Kampouris does her best horror-movie emoting as the plot gets thicker, but Wimmer doesn’t know what to do with Boleyn once the narrative is in motion. She spends most of the movie looking terrified, which is a shame. DoingMuch of everything. Robert, her father, is the same.The Winter Soldier, Captain America’s Callan Mulvey), who throws up his hands and declares that he can’t do anything about the destruction of Rylstone, which makes his character irrelevant for the rest of the movie.

A more successful bit of recasting comes in the form of 14-year-old Moyer, who steals the show as the female equivalent of the original movie’s preteen preacher, Isaac. She’s a mini Joker in the chaotic Heath Ledger/Joaquin Phoenix sense of the character, with additional shades of a genocidal dictator and a murderous cult leader. Moyer gives her all as Eden, and her hammy delivery as this evil, conniving villain is a hoot — in fact, it’s the only truly enjoyable thing about this picture.

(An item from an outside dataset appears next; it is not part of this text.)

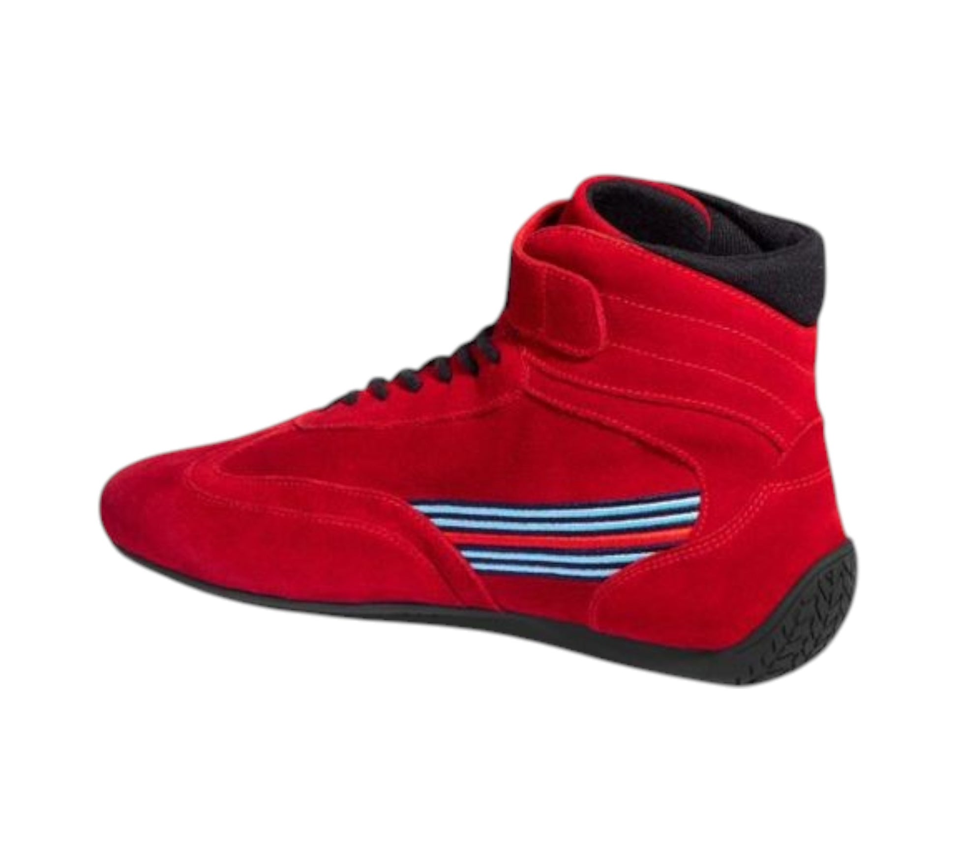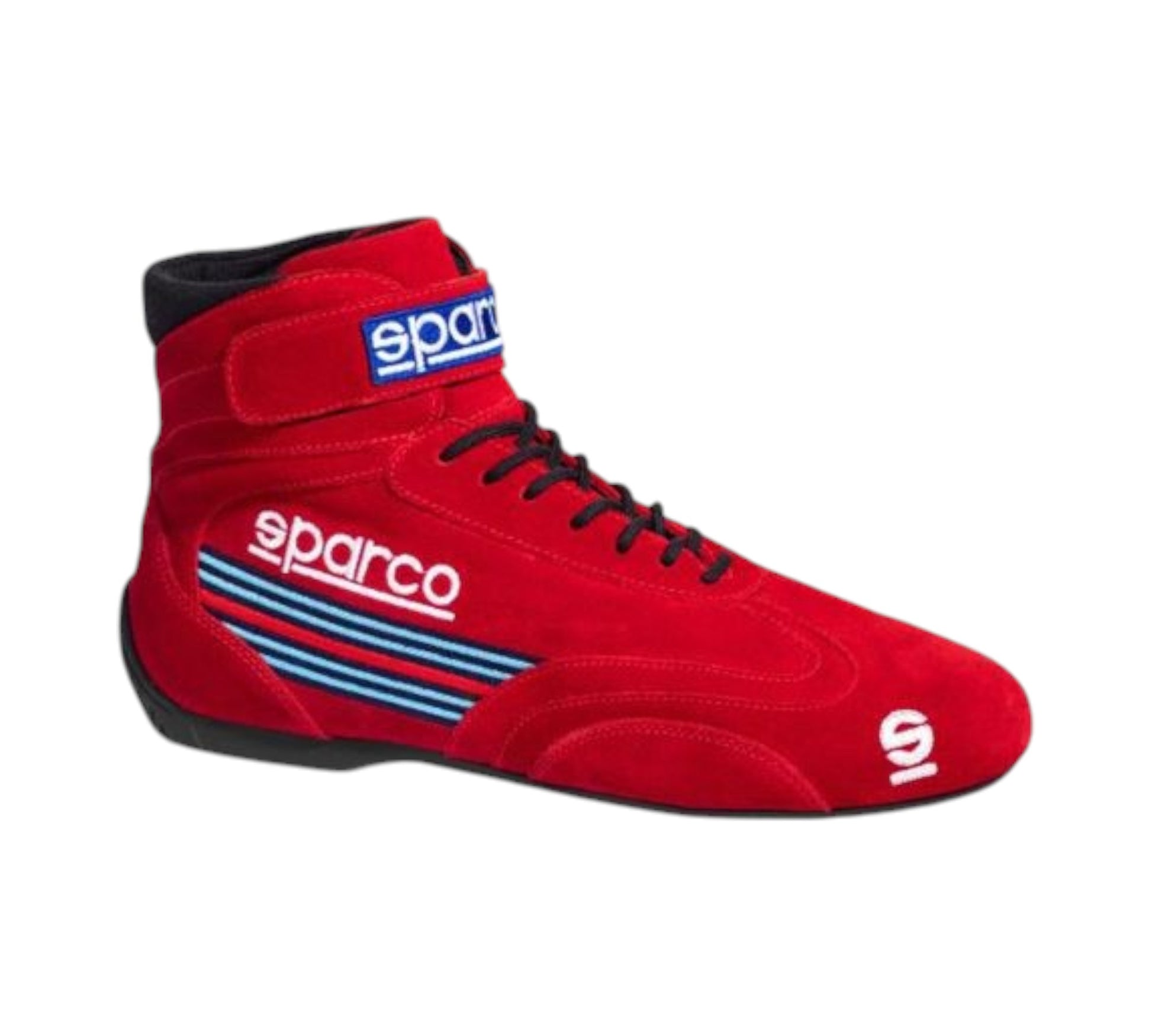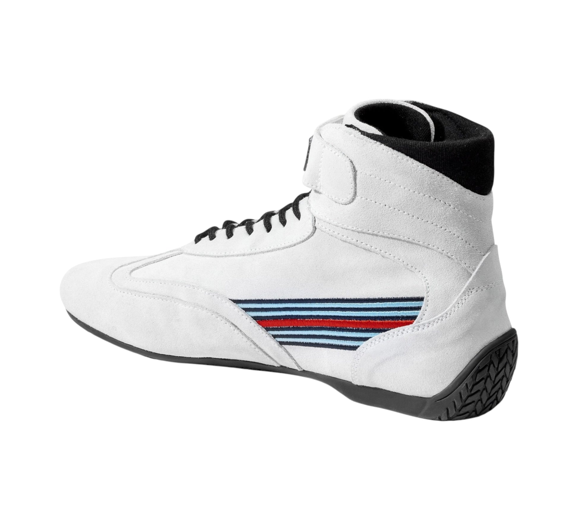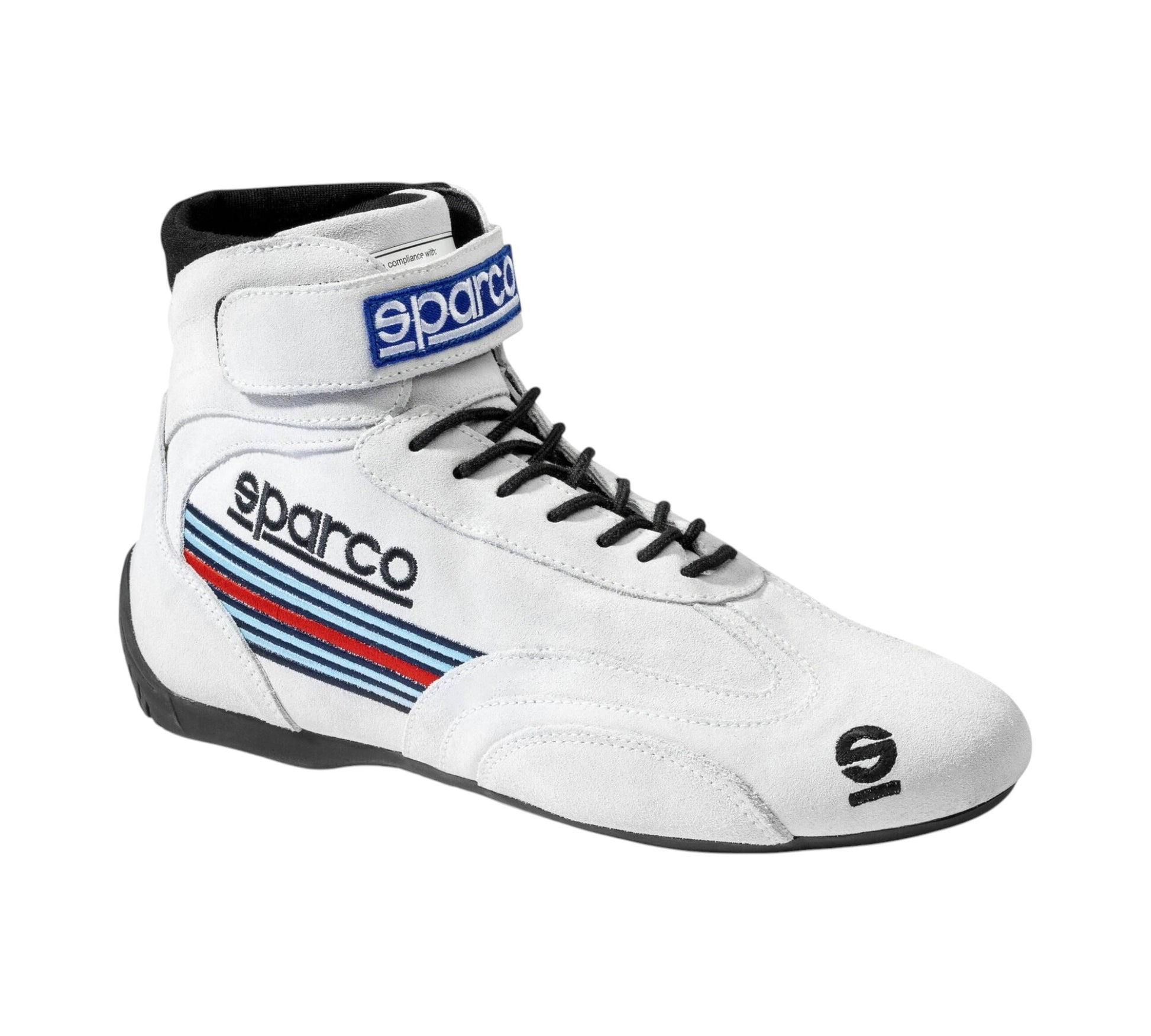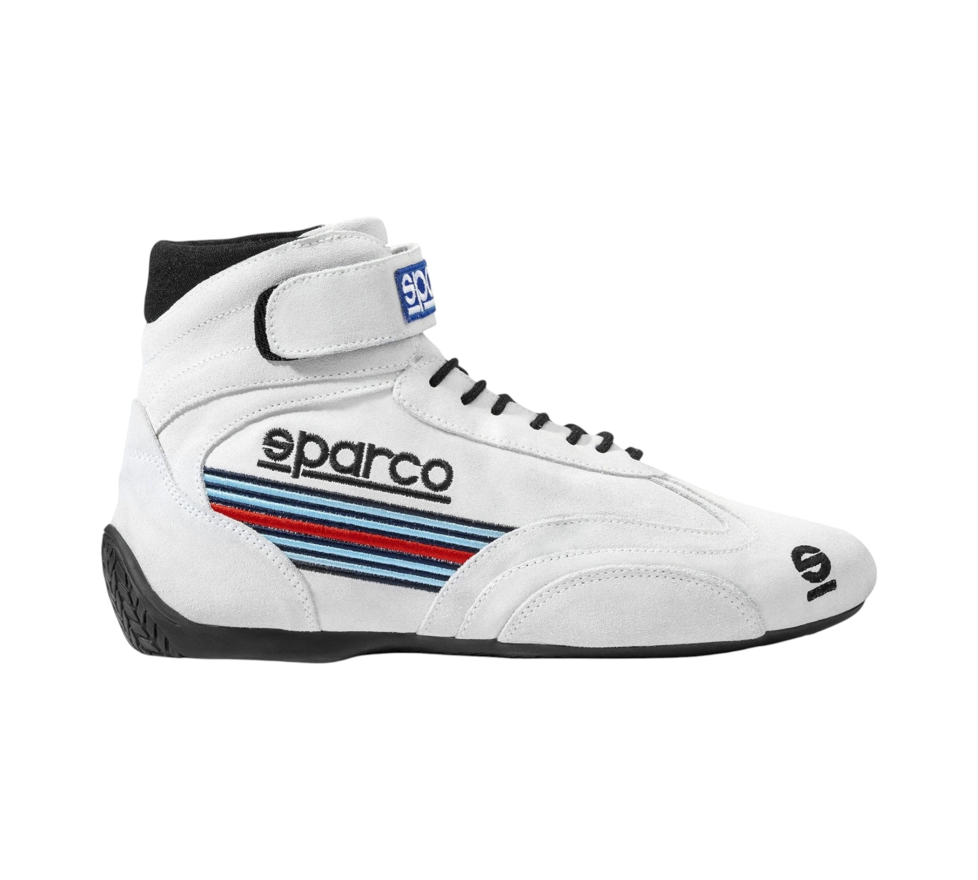 Martini racing top race boots from Sparco are use in Motorsport and feature iconic Martini racing stripes on the sides. The boots are part of a complete Martini racing themed racewear set which includes a race suit, gloves and helmets enabling a complete look.
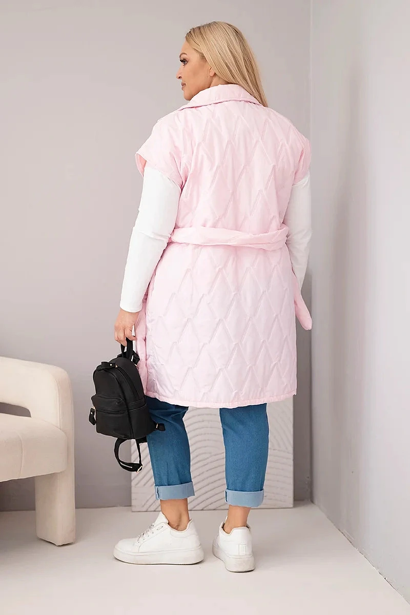 • Dámská prošívaná vesta Plus Size s páskem a límcem bonbónově růžová

A single area in which The Corn ChildrenInexplicably, Wimmer decides to stay faithful to the source material. This is evident in its portrayal of He Who Walkers Behind the Rows. The short story briefly describes him as a hybrid green-man-plant with glowing red eyes. Wimmer follows this lead, overburdening the film’s back with inconvincing CGI effects. One scene is a complete rip-offKing Kong as He Who Walks comes crashing out of the corn to snag a woman who’s bound to a cross.) It’s funny how we see it more than necessary.

Pre-teen villain and cult leader Eden (Kate Moyer), a girl in a grubby pink dress with lace at the neck and cuffs, stands outdoors in a cornfield at night and holds up a hand sporting a bright plastic sunflower-shaped ring in the 2023 Children of the Corn

Photo by RLJE Films

If The Corn’s ChildrenIt was a stale hybrid of a monster feature and a movie about killer-kids movies, but it could have been quite entertaining. This remake falls apart because it introduces so many sociopolitical themes to which Wimmer does not follow through, raising the question as to whether Wimmer stumbled upon them accidentally. In an age where Gen Z’s climate activism is making waves, it is very relevant to see parents and children clash over environmental stewardship. The movie makes a connection but then loses it. Eden and her supporters rationalize their behaviour step-by-step, in a manner that mirrors how fascists can be made out of ordinary people. Wimmer isn’t interested in that theme either.

It’s frustrating, and attributing these mistakes to incompetence rather than apathy doesn’t make The Corn ChildrenThis movie is even better to enjoy. Watching what potential the movie does have set itself on fire and run out into a dry cornfield by its midway point is strangely underwhelming: There’s a lot of screaming and blood, and kids giggling while clutching rusty farm equipment, but none of it leads to anything. Nary a thought is provoked, and nary an emotion is raised — least of all fear. “Nothing ever dies in the corn,” one kid explains to another before going on a killing spree in the opening scene. Maybe it’s time for this franchise to change that.

The Corn Children It will premiere in cinemas March 3. AmazonAnd VuduApril 21.